アルツィアさまも出られないので、ここで暫しのお別れです。思えば私の人生において、アルツィアさまから離れて過ごすのは……初めてです。少し不安ですが、リッカさまとならっ!
『世界を頼んだよ。二人で、只管に――そして、楽しんでくると良い』
(親の心子知らず、か。リツカは、アルレスィアとゲルハルト達が家族と認識しているけど、アルレスィアはそこに、リツカも入れている。だから、ズレる。同じ子ならば、リツカも含めるべきではないのかと。リツカに強いるのなら、自分にも強いるべきと)
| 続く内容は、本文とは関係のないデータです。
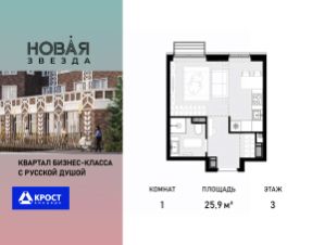 Продаётся 1-к квартира 25.9 кв.м. на 3-м этаже 22 этажного дома, корпус 2 - Резиденция "Сочи" . Без отделки.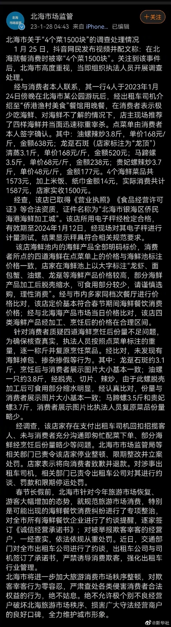 1月28日,广西北海市场监管部门通报关于“4个菜1500块”的调查处理情况。据通报,经调查,该店家存在支付出租车司机回扣招揽客人、未与消费者充分沟通即匆忙配菜下单、部分海鲜经烹饪后份量略少等问题。北海市市场监管局等相关部门已责令该店家停业整顿、限期整改并立案处罚。(记者:朱丽莉 陈露缘)

そうです。二人で成し遂げるのです。お父様とオルテさんの気遣いは当然なのでしょうが、私には必要ありません。私は、リッカさまが大切なのです。
(リツカはアルレスィアにとって、アルレスィアはリツカにとって唯一無二の存在だけど……ゲルハルトにとってリツカは、救世主でしかない。初めて手元から離れる我が子への心配だけで、ゲルハルトは手一杯なのだ)
アルツィアさまが私を見て、肩を竦めました。それは、聞き分けの無い子に嘆息しているような、小さい所作でしたが、私にはやけに大きい動きに見えたのです。
(……?)
『気にしなくて良いよ。いつか、分かる。経験しなさい。目の前だけに囚われず、寄り道を楽しみなさい。これは”お役目”。使命だけど、二人にとっては旅なのだから』
スッと、いつものアルツィアさまに戻り、そして――神としての言葉を私達に投げかけました。
楽しむ、ですね。そのつもりです。私はリッカさまとの旅を、楽しみにしているのです。
「行ってきます。アルツィアさま」
「必ず、成し遂げます」
『ああ。いってらっしゃい』
巫女二人が離れて行く。”神林”が一気に、元気をなくしたように感じる。”神の森”もそうだった。
(でも、結界は無事だ。問題ない)
「アルレスィア様、リツカ様……」
エルケがじっと、二人の背を見ている。声をかけたかったけど、私が居たから出来なかったのだ。
『ごめんよ、エルケ』
でも安心すると良い。ちゃんと帰ってくる。ちゃんと……ね。
『きみ達の運命は動き出した。だけど、その運命をどう切り開くか選べるのが、人だ』
きみ達は”巫女”で、”人”ではない。でも、人だ。掴みとってくれ。私もここで、待っている。